Hoofdstuk 7, Tekst A
Categorie: Boek > Kosmos > Oude druk
Glaukon, de zoon van Ariston, probeerde voor het volk op te treden. Want hij wilde de stad besturen, nog geen 20 jaar zijnde. Niemand van zijn dierbaren kon hem laten stoppen. Maar alleen Sokrates liet hem stoppen, omdat hij hem welgezind was vanwege zijn afkomst -- want hij was een broer van Plato.
Toen hij hem tegengekomen was, zei hij: "Glaukon, wil jij de stad besturen?"
"Ik wel," zei Glaukon.
"Bij Zeus," zei Sokrates, "dat is mooi. Want zo zul je in staat zijn alles (letterlijk: alle dingen) te krijgen waarnaar je verlangt, en je zult in staat zijn ook je vrienden te helpen, en je zult beroemd zijn in de stad, zoals niemand anders uit jouw geslacht."
Toen Glaukon dat nu hoorde, was hij trots en bleef met plezier bij Sokrates. Daarna zei Sokrates: "moet jij dan niet de stad helpen, als je geerwd wilt worden?"
"Jazeker," zei hij.
"Bij de goden," zei Sokrates, "zeg me, hoe kun je de stad helpen?"
Glaukon zweeg lange tijd en kon niets zeggen. Tenslotte zei Sokrates: "Luister dan naar me; als je een vriend wilt helpen, probeer je hem rijker te maken; en als je de stad wilt helpen, moet je dan niet proberen haar rijker te maken?"
"Jazeker," zei Glaukon.
"Is dan niet de stad rijker, als ze meer inkomsten ontvangen heeft?"

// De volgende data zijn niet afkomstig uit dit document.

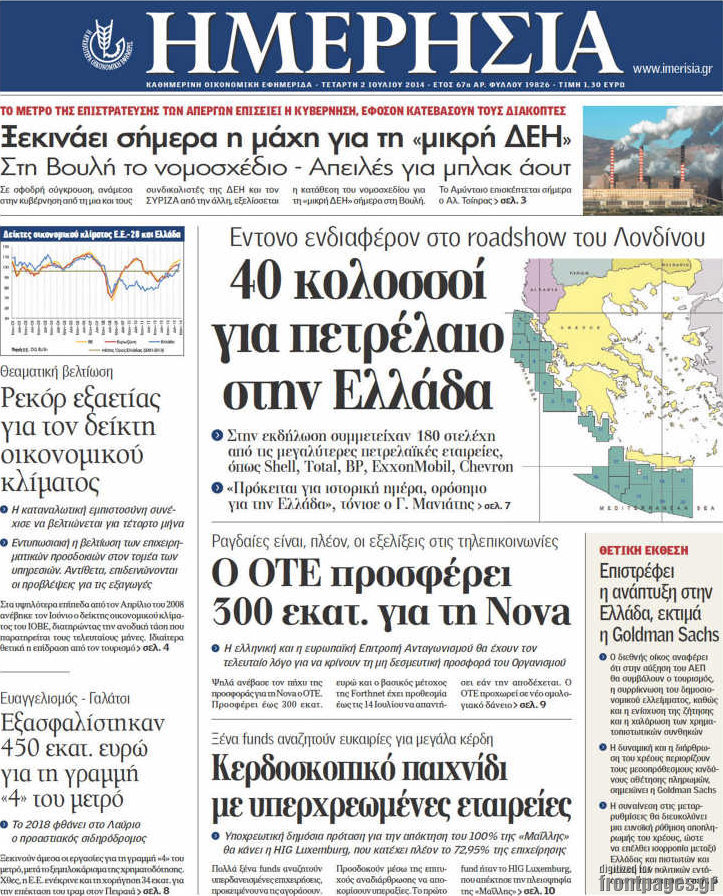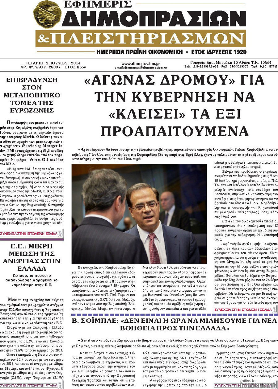 Οι oικονομικές εφημερίδες Enikos Newsroom 08:28, Τετάρτη 02 Ιουλίου 2014 Media Οι oικονομικές εφημερίδες Διαβάστε τα πρωτοσέλιδα των οικονομικών εφημερίδων: ΕΦΗΜΕΡΙΔΕΣ ΟΙΚΟΝΟΜΙΚΕΣ ΕΦΗΜΕΡΙΔΕΣ ΠΡΩΤΟΣΕΛΙΔΑ Μοιράσου το: σχολίασε κι εσύ (0 σχόλια) Ακολουθήστε το enikos.gr στο Google News και μάθετε πρώτοι όλες τις ειδήσεις Δείτε όλες τις τελευταίες ειδήσεις από την Ελλάδα και τον Κόσμο στο enikos.gr Ειδήσεις Ροή Ειδήσεων 8 ώρες πριν Μητσοτάκης: Αναγκαία η μεταρρύθμιση του πρωτογενούς τομέα – Τα 6 νέα μέτρα για το στεγαστικό και οι αναφορές σε «Ιθάκη» και «πολιτικούς του καναπέ» 7 ώρες πριν Δάνεια σε ελβετικό φράγκο: Τα βασικά σημεία της ρύθμισης – ανάσας για 40.000 δανειολήπτες – Αναλυτικός οδηγός με ερωτήσεις και απαντήσεις 7 ώρες πριν Κυψέλη: Εξιτήριο πήρε η 14χρονη μαθήτρια που μαχαιρώθηκε από την 16χρονη σε σχολείο – «Θέλω να βοηθήσω το παιδί, έχει μπλέξει με κακές παρέες» 6 ώρες πριν Τραμπ: Γιατί κατέθεσε τώρα την αγωγή κατά του BBC – Πώς η κίνησή του εξυπηρετεί το νέο δόγμα του για «αντίσταση» στην Ευρώπη, υπέρ των συντηρητικών 7 ώρες πριν ΟΠΕΚΕΠΕ – Παράνομες επιδοτήσεις: Ελεύθεροι με περιοριστικούς όρους και οι 7 κατηγορούμενοι που απολογήθηκαν σήμερα 7 ώρες πριν Ανακαλύφθηκε βυθισμένη πέτρινη κατασκευή ανοιχτά της Κριμαίας – Αποτελεί μέρος αρχαίας ελληνικής αποικίας 8 ώρες πριν Ύπνος: Αυτό μπορεί να είναι το χειρότερο λάθος για το βιολογικό ρολόι σας, σύμφωνα με ειδικό 9 ώρες πριν Αριθμολογία: Οι άνθρωποι που έχουν γεννηθεί αυτές τις 3 ημερομηνίες, προσελκύουν μεγάλη τύχη πριν από το τέλος του 2025 11 ώρες πριν Οι 7 συμπεριφορές που μαρτυρούν ότι ένας άνδρας επενδύει μακροπρόθεσμα σε μια σχέση 2 λεπτά πριν Τα ζώδια σήμερα, Τετάρτη 17 Δεκεμβρίου: Κριοί, η αυτοπεποίθησή σας ενισχύεται 10 λεπτά πριν Εφημερεύοντα φαρμακεία σε Αθήνα και Θεσσαλονίκη (17/12) 15 λεπτά πριν Κόστα Ρίκα: Το Κογκρέσο απέρριψε το αίτημα για άρση της ασυλίας του προέδρου Τσάβες 23 λεπτά πριν Κολομβία: Νεκροί τέσσερις αστυνομικοί σε βομβιστικές επιθέσεις ανταρτών 31 λεπτά πριν Στάση εργασίας 11:00 – 17:00 σήμερα στα λεωφορεία του ΟΑΣΑ – Ποιες γραμμές θα λειτουργήσουν ENIKOS NETWORK Αίτημα ΙΣΑ για την εξαίρεση των προσωπικών γιατρών από τις κατ’ οίκον επισκέψεις Η σκανδιναβική μέθοδος στον ύπνο που μπορεί να σώσει έναν γάμο Πιερρακάκης: Ο προϋπολογισμός συμβάλλει ουσιαστικά στην ενίσχυση της αγοραστικής δύναμης της πλειονότητας των εργαζομένων e-ΕΦΚΑ: Παρατείνεται η προθεσμία για την υποβολή ΑΠΔ – Ποιους αφορά Σύγχρονος Νοστράδαμος: Προειδοποιεί για «μεγάλο γεγονός» τους επόμενους μήνες που θα συγκλονίσει τη Βρετανία και τον κόσμο Τεστ παρατηρητικότητας: Μπορείτε να βρείτε τις 3 διαφορές στις εικόνες με έναν πιγκουίνο σε 14 δευτερόλεπτα περισσότερα 20:06 , Τρίτη 16 Δεκεμβρίου 2025 Ο ΣΚΑΙ καταγγέλλει τον ΕΚΚΟΜΕΔ Επιστολή με την οποία καταγράφει την έντονη διαμαρτυρία του προς τον διευθύνοντα σύμβουλο του... 17:40 , Τρίτη 16 Δεκεμβρίου 2025 Eurovision: Στις 4 Ιανουαρίου αποκαλύπτονται τα 28 τραγούδια του ελληνικού τελικού Η αγωνία τελειώνει, η γιορτή της Eurovision αρχίζει στην ΕΡΤ από τις πρώτες ημέρες της νέας χρ... 17:09 , Τρίτη 16 Δεκεμβρίου 2025 Alter Ego Media: Βαθύτατη θλίψη και ειλικρινή συλλυπητήρια για την απώλεια της Ειρήνης Μαρινάκη Τη βαθύτατη θλίψη και τα ειλικρινή συλλυπητήριά της εκφράζει η Alter Ego Media για τον θάνατο ... 13:00 , Τρίτη 16 Δεκεμβρίου 2025 «Στο Παρά Πέντε – 20 Χρόνια Μετά»: Κυκλοφόρησε το τρέιλερ του επετειακού επεισοδίου της θρυλι

"Dat is in ieder geval waarschijnlijk," zei hij.
"Zeg dan," zei Sokrates, "waarvandaan zijn/komen de inkomsten voor de stad? Want dat moet jij weten."
"Maar bij Zeus," zei Glaukon, "dat kan ik niet zeggen want ik weet het niet."
Sokrates zei: "Wat is dat, Glaukon? Hoe kun jij de stad besturen, als je dat niet weet?"